Advertisement

M’Bow a Question Mark for UNESCO : In Its 40th Year, Group Could Be Nearing an Irreparable Rift

Share
Times Staff Writer

When the U.N. Educational, Scientific and Cultural Organization met for the first time in 1946, its founders looked upon themselves as visionary intellectuals brimming with hope for the future.

“I have faith in UNESCO,” said French Socialist politician Leon Blum, who presided over the first session at the Sorbonne in Paris, “because I have faith in peace.”

Now UNESCO, which celebrated its 40th anniversary Tuesday with art exhibits, concerts, dances and speeches, is an embattled organization whose bureaucrats and delegates seem to have only one concern about the future--whether Amadou Mahtar M’Bow, the controversial director general, means what he says about retiring next year.

Advertisement

May Lose More Members

If he does not retire, in the view of many analysts, UNESCO, which has already lost the United States and Britain as members, will probably lose more Western nations and perhaps disintegrate.

Pressed about his intentions by journalists who surrounded him at a press reception on the anniversary, M’Bow, a 65-year-old Senegalese, said he will stand on the statement he made to UNESCO’s executive council a month ago and say no more about the subject.

But some analysts insist that they find some ambiguity in the statement. M’Bow, whose second six-year term will expire in 1987, told the council: “I am not going to ask for a third term. I have been touched deeply by the numerous countries . . . that have expressed an intention to propose my reelection. I am convinced that they will see in my attitude a desire to make a positive contribution toward the mutual confidence that should exist between all members of the international community.”

A Game of Power

In the view of some UNESCO watchers and employees, these words left open the possibility that he would accept a draft for reelection, and a guessing game has been going on in UNESCO corridors in the last few weeks about whether he really will leave. The game, in a sense, reflects his power, for many analysts are convinced that M’Bow, despite all the accusations of megalomania and mismanagement against him, has enough Third World support among the 159 member states to win reelection if he tries.

Talking with reporters at the reception, M’Bow hardly sounded like a defeated figure retreating under fire. He insisted that UNESCO has demonstrated its vitality in the face of the withdrawal by the United States and Britain. He said the United States is not attacking UNESCO as much as it is attacking all multilateral organizations in a campaign that threatens the United Nations itself.

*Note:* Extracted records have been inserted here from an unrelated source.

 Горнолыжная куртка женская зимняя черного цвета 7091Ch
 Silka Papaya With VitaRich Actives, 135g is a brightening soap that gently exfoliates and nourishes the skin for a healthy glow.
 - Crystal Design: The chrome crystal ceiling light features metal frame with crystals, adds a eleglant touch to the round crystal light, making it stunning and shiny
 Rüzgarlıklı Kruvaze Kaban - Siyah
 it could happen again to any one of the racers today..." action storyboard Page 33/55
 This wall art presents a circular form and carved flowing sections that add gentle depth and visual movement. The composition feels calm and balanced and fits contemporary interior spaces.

“There will be a North-South crisis inside UNESCO,” he said, using the jargon for a conflict between the industrialized and developing nations, “no matter who is director general.”

Advertisement

Assails Critics

M’Bow has taken the position for some time that much of the criticism directed at him comes from white critics who want to belittle Africa. Replying, for example, to criticism of his lavish living quarters, M’Bow said in a recent issue of the Paris newsmagazine Nouvel Observateur, “Am I supposed to live in a hut in the middle of Paris just because I am an African?”

M’Bow said that he and UNESCO have been victims of a campaign of disinformation led and coordinated by the conservative Heritage Foundation in the United States.

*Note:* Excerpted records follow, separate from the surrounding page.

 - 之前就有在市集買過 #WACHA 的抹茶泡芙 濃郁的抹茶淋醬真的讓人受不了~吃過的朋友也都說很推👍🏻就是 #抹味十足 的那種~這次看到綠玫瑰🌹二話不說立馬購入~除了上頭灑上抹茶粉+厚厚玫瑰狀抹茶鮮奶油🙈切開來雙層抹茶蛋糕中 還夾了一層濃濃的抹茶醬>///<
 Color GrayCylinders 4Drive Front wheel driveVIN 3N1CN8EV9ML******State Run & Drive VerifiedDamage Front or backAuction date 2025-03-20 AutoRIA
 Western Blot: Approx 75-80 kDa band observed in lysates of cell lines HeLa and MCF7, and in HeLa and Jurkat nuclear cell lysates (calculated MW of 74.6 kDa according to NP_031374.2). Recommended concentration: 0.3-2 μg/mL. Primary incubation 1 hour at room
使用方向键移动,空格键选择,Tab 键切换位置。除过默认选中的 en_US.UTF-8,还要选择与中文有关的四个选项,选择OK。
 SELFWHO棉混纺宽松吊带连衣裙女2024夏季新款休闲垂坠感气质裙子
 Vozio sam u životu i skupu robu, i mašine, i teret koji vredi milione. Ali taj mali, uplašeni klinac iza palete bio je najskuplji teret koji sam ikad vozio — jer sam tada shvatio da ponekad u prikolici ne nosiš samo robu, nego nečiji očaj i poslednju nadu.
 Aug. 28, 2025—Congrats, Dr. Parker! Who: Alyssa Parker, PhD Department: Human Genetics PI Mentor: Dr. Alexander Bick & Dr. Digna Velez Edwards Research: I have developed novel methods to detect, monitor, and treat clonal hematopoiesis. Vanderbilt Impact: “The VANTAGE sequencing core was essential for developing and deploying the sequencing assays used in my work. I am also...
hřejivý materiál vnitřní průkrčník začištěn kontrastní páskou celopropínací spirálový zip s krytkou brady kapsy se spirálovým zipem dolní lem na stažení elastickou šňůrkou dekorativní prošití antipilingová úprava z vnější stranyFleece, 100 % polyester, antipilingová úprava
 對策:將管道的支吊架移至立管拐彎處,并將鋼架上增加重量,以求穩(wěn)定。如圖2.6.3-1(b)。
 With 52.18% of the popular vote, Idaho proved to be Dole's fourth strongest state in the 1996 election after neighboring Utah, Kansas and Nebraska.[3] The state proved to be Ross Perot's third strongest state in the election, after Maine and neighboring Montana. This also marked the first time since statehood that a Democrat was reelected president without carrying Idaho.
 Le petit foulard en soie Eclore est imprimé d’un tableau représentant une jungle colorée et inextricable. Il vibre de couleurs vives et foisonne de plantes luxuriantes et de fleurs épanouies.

No consensus has formed as yet behind any candidate to succeed M’Bow. Some possibilities that have been named in recent press reports include Enrique Iglesias, the Uruguayan foreign minister; Kalevi Sorsa, the Finnish prime minister; Kurt Fugler, the former Swiss president; Sadruddin Aga Khan, the former U.N. high commissioner for refugees, and Butros Butros Ghali, the Egyptian foreign minister.

U.S. Pulled Out

The United States, when it withdrew at the end of 1984, accused the UNESCO bureaucracy of mismanagement and involving itself in political issues like disarmament that, in the American view, does not fall within the province of UNESCO.

For many years, UNESCO had angered leading American newspapers for advocating “a new world information order” that, in the American view, would severely restrict world news coverage under the guise of loosening the virtual monopoly of Western news agencies on distributing news in the Third World.

Throughout the controversy, American officials were careful to say they had no personal quarrel with M’Bow and were not insisting on his departure, despite all the reports that his autocratic rule was responsible for most of the mismanagement and most of the infusion of politics. But many analysts believe M’Bow could have averted the American withdrawal by resigning.